After finishing with Packer, the result is a “blank” template, ready to be used by Terraform to provision a VM with the final settings.
OPNSense Terraform
When it comes to using Terraform for provisioning OPNSense, the process was initially straightforward, but, during development, more and more settings were added to the Terraform phase, as it was discovered that Ansible for OPNSense does not provide enough flexibility to implement what was needed. Therefore, more implementation points were moved from the “Ansible phase” to the “Terraform phase”.
The code can be found in the project’s repository and is also written below:
resource "proxmox_vm_qemu" "c-opnsense" {
name = "c-opnsense"
target_node = "kkproxmox"
clone = "opnsense-template"
agent = 1 #enable QEMU guest agent
memory = 4096
balloon = 4096
bios = "seabios"
scsihw = "virtio-scsi-single"
os_type = "other"
skip_ipv6 = true
cpu {
cores = 4
sockets = 1
type = "host"
}
disk {
slot = "scsi0"
cache = "none"
discard = true
iothread = true
emulatessd = true
asyncio = "io_uring"
size = "20G"
type = "disk"
storage = "local-lvm"
format = "raw"
}
startup_shutdown {
order = -1
shutdown_timeout = -1
startup_delay = -1
}
# Configure the network interfaces
network {
id = 0
model = "virtio"
bridge = "vmbr0"
firewall = true
}
network {
id = 1
model = "virtio"
bridge = "vmbrDMZ20"
firewall = true
}
network {
id = 2
model = "virtio"
bridge = "vmbrIZ30"
firewall = true
}
network {
id = 3
model = "virtio"
bridge = "vmbrEUZ40"
firewall = true
}
# connection used for the provisioners below
connection {
type = "ssh"
user = "root"
private_key = file("~/.ssh/id_rsa")
host = self.ssh_host
}
# replace the config.xml file with the one below.
# This one uses dynamic variables to also configure the network interfaces IPs.
provisioner "file" {
content = templatefile("${path.module}/template_config_opnsense_lab.xml",
{
dynamic_ssh_key = base64encode(file("~/.ssh/id_rsa.pub"))
wan_if = "vtnet0"
wan_descr = "WAN"
wan_ip = "192.168.0.51"
wan_subnet = "24"
wan_gw = "WAN_GW"
dmz20_if = "vtnet1"
dmz20_descr = "DMZ20"
dmz20_ip = "10.0.20.1"
dmz20_subnet = "24"
iz30_if = "vtnet2"
iz30_descr = "IZ30"
iz30_ip = "10.0.30.1"
iz30_subnet = "24"
euz40_if = "vtnet3"
euz40_descr = "EUZ40"
euz40_ip = "10.0.40.1"
euz40_subnet = "24"
}
)
destination = "/conf/config.xml"
}
# reboot the machine so that the new config.xml is applied
provisioner "remote-exec" {
inline = [
"echo 'Injecting Cyber Range Topology by restarting OPNSense.

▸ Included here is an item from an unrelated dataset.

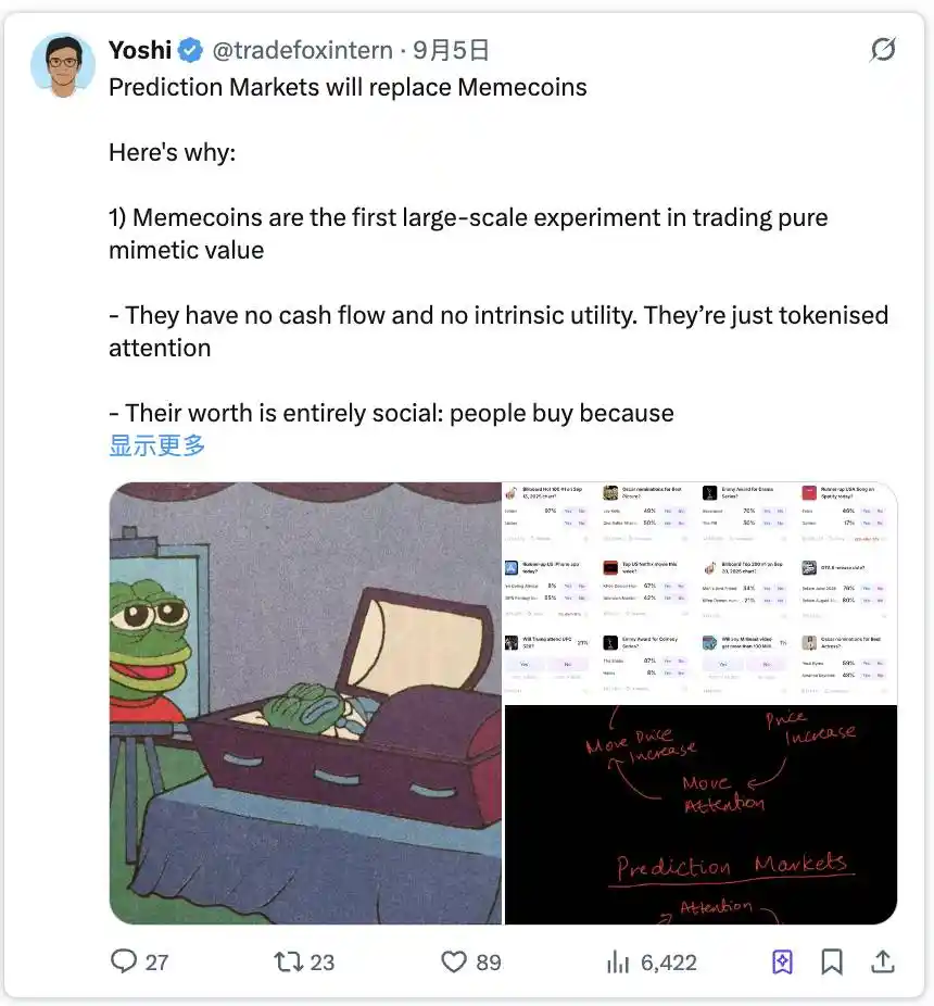 以下是一篇来自 @tradefoxintern 的优秀贴文,讨论为什么预测市场将取代 Memecoin :
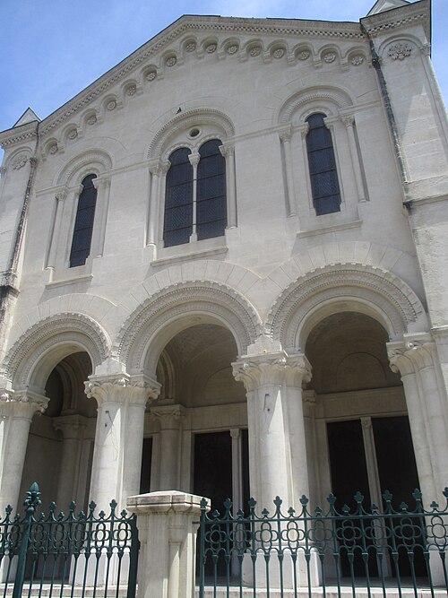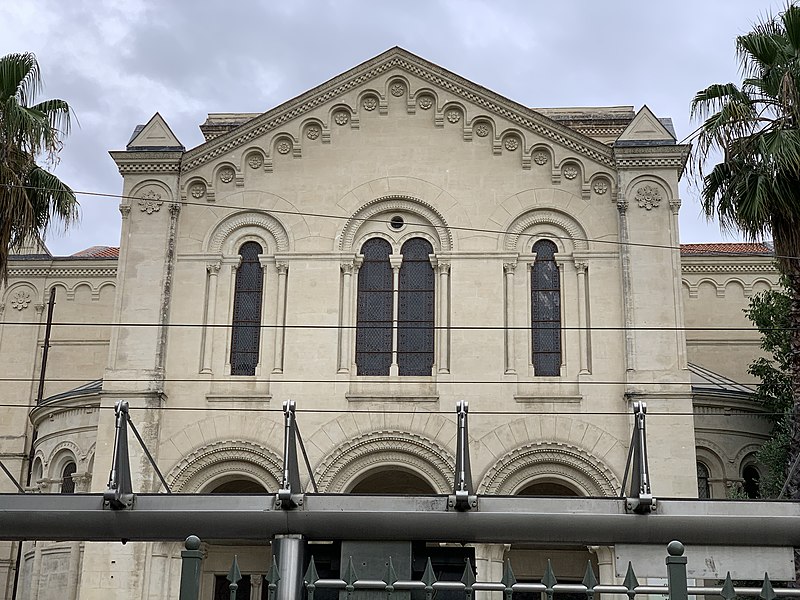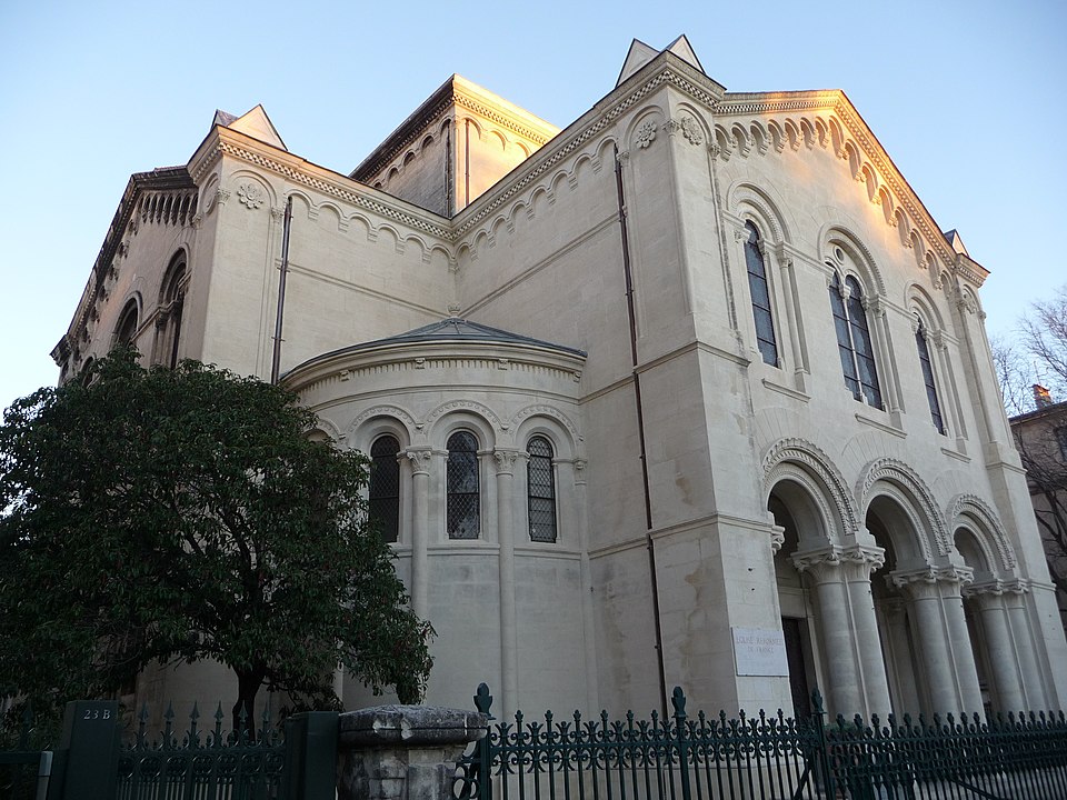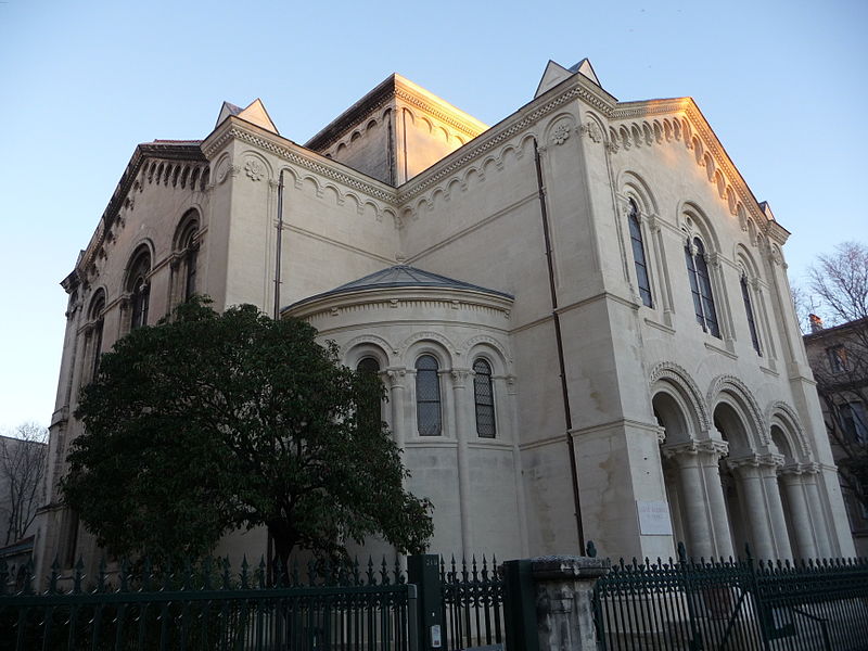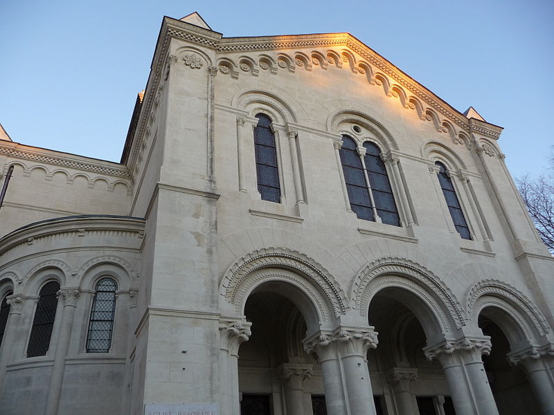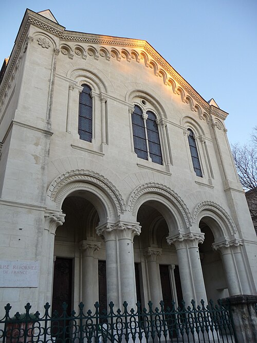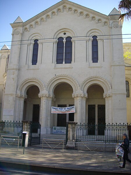 Un concours d’architecture organisé en mars 1862 reçut quarante‑deux projets ; les esquisses de Bouwens et d’Estibot furent retenues, mais c’est Louis Corvetto qui réalisa l’ouvrage. Le temple fut inauguré officiellement le 18 mars 1870. Des modifications ultérieures incluent l’ablation en 1885 d’un clocher non prévu au plan originel, jugé dangereux, et l’installation d’un orgue en 1893. L’édifice a été inscrit aux monuments historiques le 10 février 2003.

VM will restart in 3 seconds...'",
"daemon -f /bin/sh -c 'sleep 3; /sbin/reboot'"
]
}
}
To run the terraform configuration:
terraform init
terraform plan -var-file=../packer/credentials.pkrvars.hcl
terraform apply -var-file=../packer/credentials.pkrvars.hcl
The var-file is the one used also in Packer and contains the connection variables so that Terraform can talk to Proxmox.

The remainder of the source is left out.